Между тем от природы Евгения и Аделаида были душами глубокими, религиозными, иначе впоследствии они бы не проявили себя как тонкий мыслитель и талантливый поэт! Темным чувством они уже в детстве знали, что со всех сторон окружены тайной, и догадывались, что в неведомое надо входить, с ним надо как-то работать, ибо оно имеет самое непосредственное – и важнейшее! – отношение к их маленькому существованию. Не получая религии, связи с Божественным, от взрослых, они создавали ее для себя сами – в детском творчестве, в фантазии, в игре. Заводилой здесь выступала старшая – Аделаида; и она же особенно ярко рассказала об этой стороне их жизни в автобиографическом эссе «Из мира детских игр».

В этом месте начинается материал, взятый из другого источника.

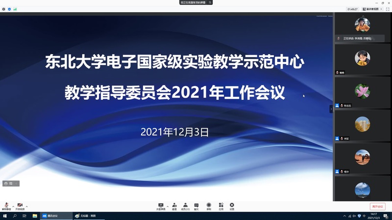 12月3日,东北大学电子国家级实验教学示范中心教学指导委员会2021年年会在线上顺利召开。电子实验教学中心教学指导委员会全体委员、北部地区高校电工电子实验教学中心联席会副秘书长肖军教授及信息学院实验中心相关人员参加此次会议。会议由电工电子实验教学中心主任李鸿儒教授主持。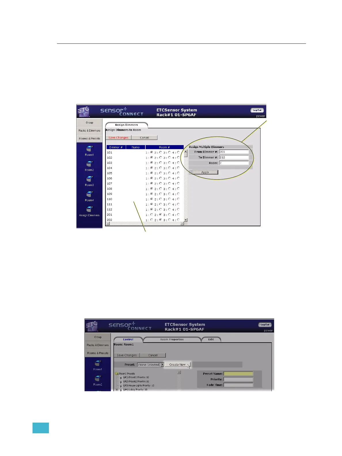 time. Shown below, dimmers 101-112 are assigned to Room1 and dimmers 221-212 are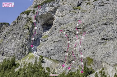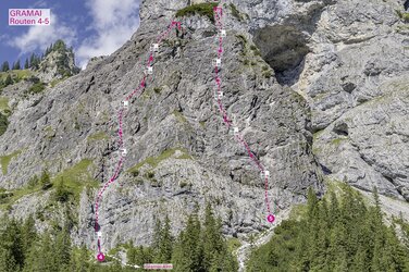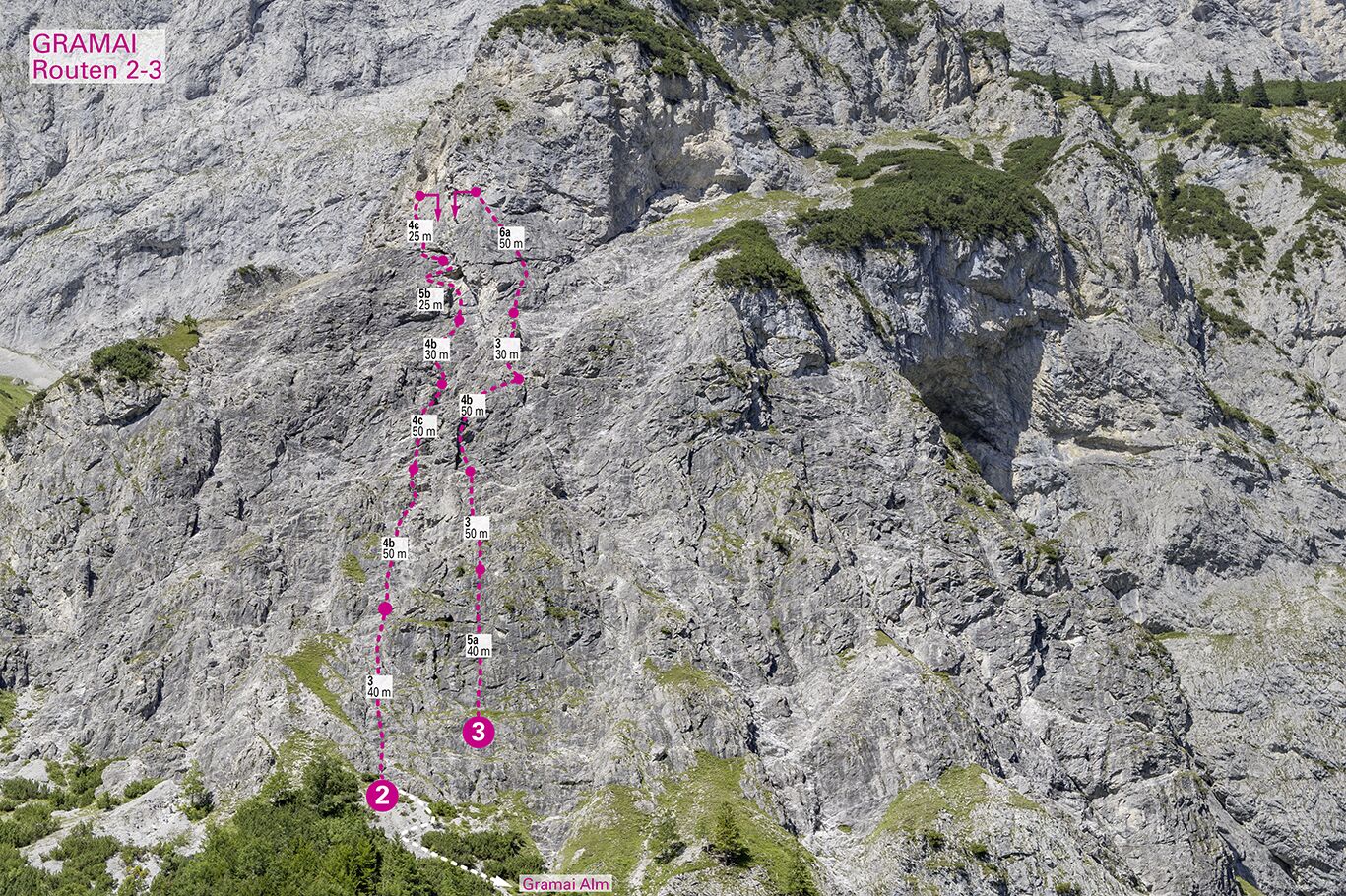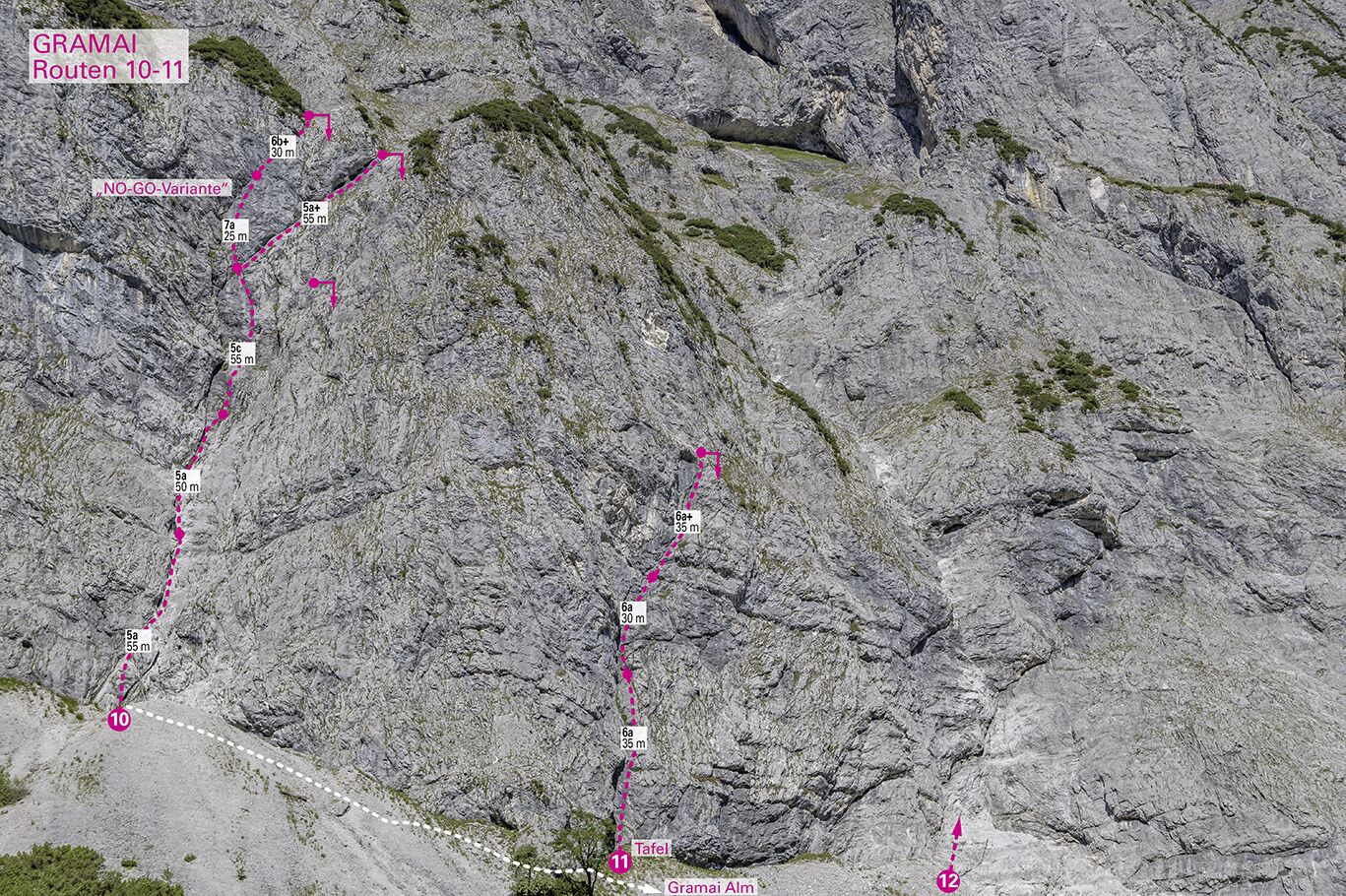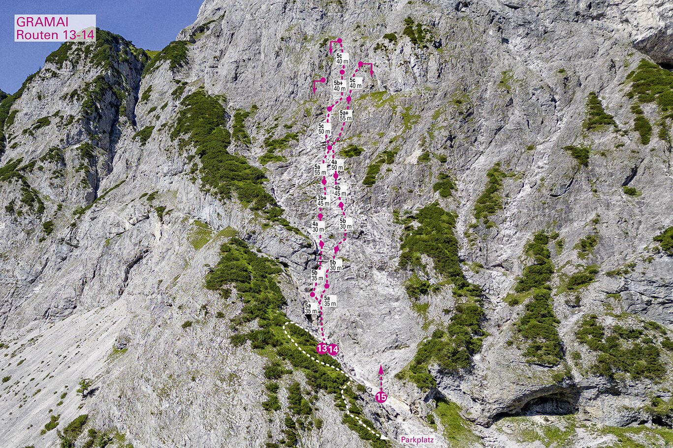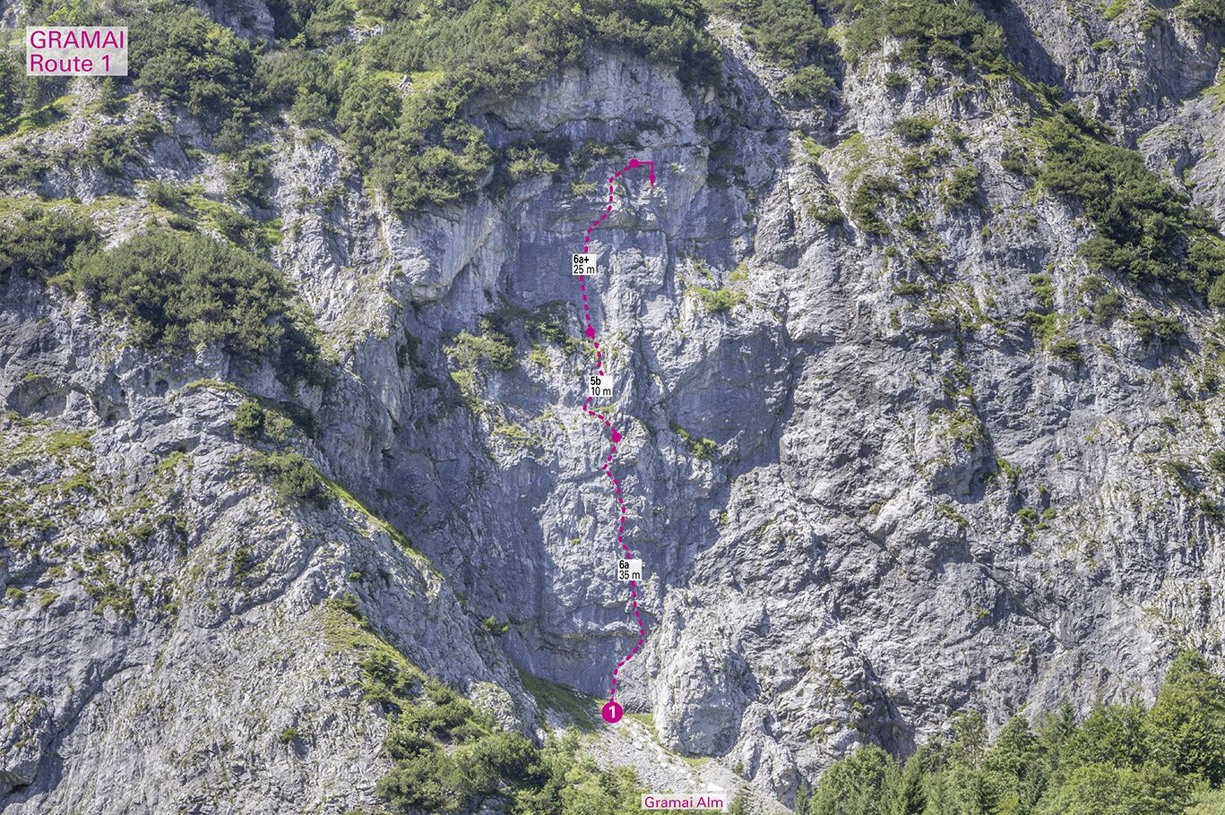 Rechts vom Klettergarten Gramai-Ost den Pfadspuren bergwärts in eine kleine Schlucht. Diese hoch bis zu einem markanten Steilaufschwung, wo eine Tafel den Einstieg markiert.

«Детство мое протекало без всяких религиозных обрядностей, – пишет А. Герцык. – Меня не водили в церковь, у меня не было преданной няни, убеждающей класть земные поклоны в углу детской перед темной иконой и повторять за ней трудные, непонятные слова молитвы. Не было мифической обстановки, которой жаждет душа ребенка, того тайного значения и смысла, который красит и углубляет обыденную жизнь»[12]. Действительно, душа приходит в мир не как tabula rasa, а с таинственным бременем неведомой памяти, с каким-то знанием о глубинах бытия – не только о мире дольнем, но и горнем. Из древних с предельной остротой это чувствовал Платон, которому верили платоники всех времен и народов, в частности, русские символисты, – к их кругу шаг за шагом, взрослея, приближались сестры Герцык. Груз памяти предсуществования был мукой Аделаиды на протяжении всей ее жизни, осознавался ею как экзистенциальное задание победить «предвечную вину». В детстве подобная судьба сказывалась в темном влечении к языческой религиозности: «Во мне жила бессознательная грусть по ярким языческим празднествам древних предков, по жертвенникам, с которых густые черные клубы дыма поднимаются к синему небу, по пестрым процессиям с песнями и в венках, по страху и тайнам, которыми объят был мир»[13].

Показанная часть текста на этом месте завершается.